Exactly the lines from the one containing "NEDERLAND 1867-2001, o/*/**" through the end of the listing must make up the answer, with no pictures included.

*** DATA SECTION

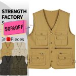 Title: Custom Quality 100% Cotton Multi-Pocket Vest | Khaki Fishing & Photography Waistcoat
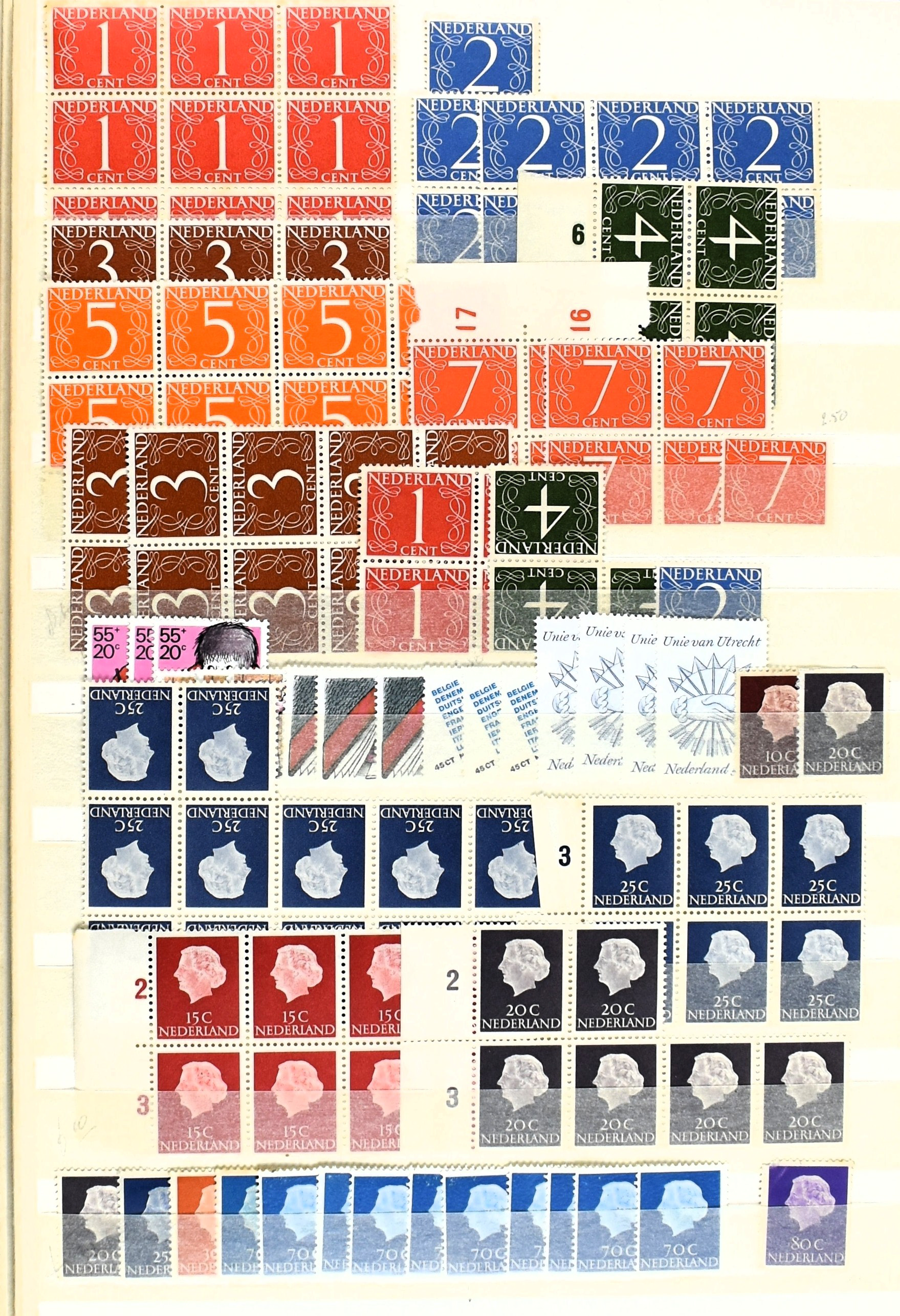 NEDERLAND 1867-2001, o/*/** verzameling in 15 albums/insteekboeken en doosje aardige vooroorlogse series en enkele aardige afstempelingen, blokken van vier, 3 albums FDCs en 1 insteekboek Indonesië. Tevens iets frankeergeldig (€375,-).
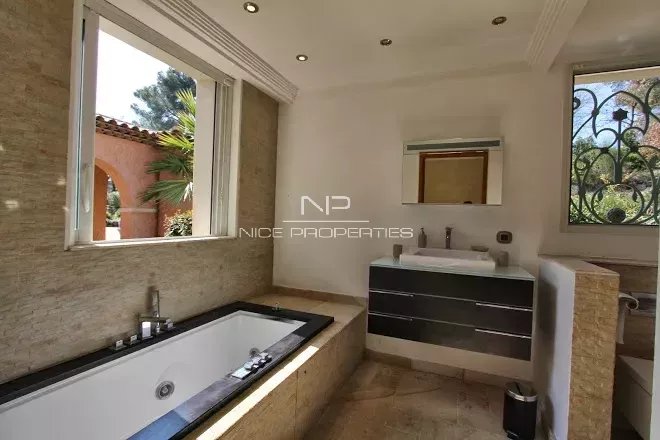 MOUGINS: In una zona tranquilla, questa magnifica proprietà con piscina, di circa 780 m2 su un parco alberato di 6.800 m2, gode di una vista panoramica sul mare e sulle montagne. Si compone di un doppio soggiorno, sala da pranzo, una cucina professionale, servizi igienici per gli ospiti, 6 camere da letto con suite e terrazze, armadi, bagni e servizi igienici privati, hammam, sala massaggi, sala cinema, palestra e discoteca, ascensore interno, adattamenti per persone con mobilità ridotta, una jacuzzi, una piazza giochi per bambini, poolhouse con cucina, salone, sala da pranzo, barbecue, forno per pizza, doccia e servizi igienici. La proprietà comprende una casa per il custode su 2 livelli: 2x 60m². Un doppio garage e parcheggi privati (fino a 12 posti) completano questa proprietà eccezionale.
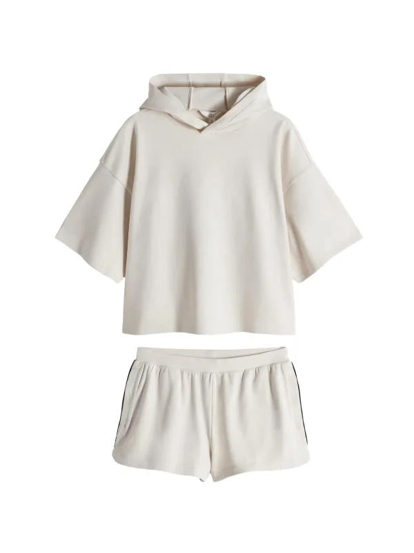Design: Elastische taille/zoom, Met capuchon; Materiaal: Sweatstof; Motief: Effen; Extra's: Op staal naden, Voelt zacht aan; Lengte: Kort/mini; Armlengte: Halve mouw

******

> [RESULT]:
 NEDERLAND 1867-2001, o/*/** verzameling in 15 albums/insteekboeken en doosje aardige vooroorlogse series en enkele aardige afstempelingen, blokken van vier, 3 albums FDCs en 1 insteekboek Indonesië. Tevens iets frankeergeldig (€375,-).
 MOUGINS: In una zona tranquilla, questa magnifica proprietà con piscina, di circa 780 m2 su un parco alberato di 6.800 m2, gode di una vista panoramica sul mare e sulle montagne. Si compone di un doppio soggiorno, sala da pranzo, una cucina professionale, servizi igienici per gli ospiti, 6 camere da letto con suite e terrazze, armadi, bagni e servizi igienici privati, hammam, sala massaggi, sala cinema, palestra e discoteca, ascensore interno, adattamenti per persone con mobilità ridotta, una jacuzzi, una piazza giochi per bambini, poolhouse con cucina, salone, sala da pranzo, barbecue, forno per pizza, doccia e servizi igienici. La proprietà comprende una casa per il custode su 2 livelli: 2x 60m². Un doppio garage e parcheggi privati (fino a 12 posti) completano questa proprietà eccezionale.
Design: Elastische taille/zoom, Met capuchon; Materiaal: Sweatstof; Motief: Effen; Extra's: Op staal naden, Voelt zacht aan; Lengte: Kort/mini; Armlengte: Halve mouw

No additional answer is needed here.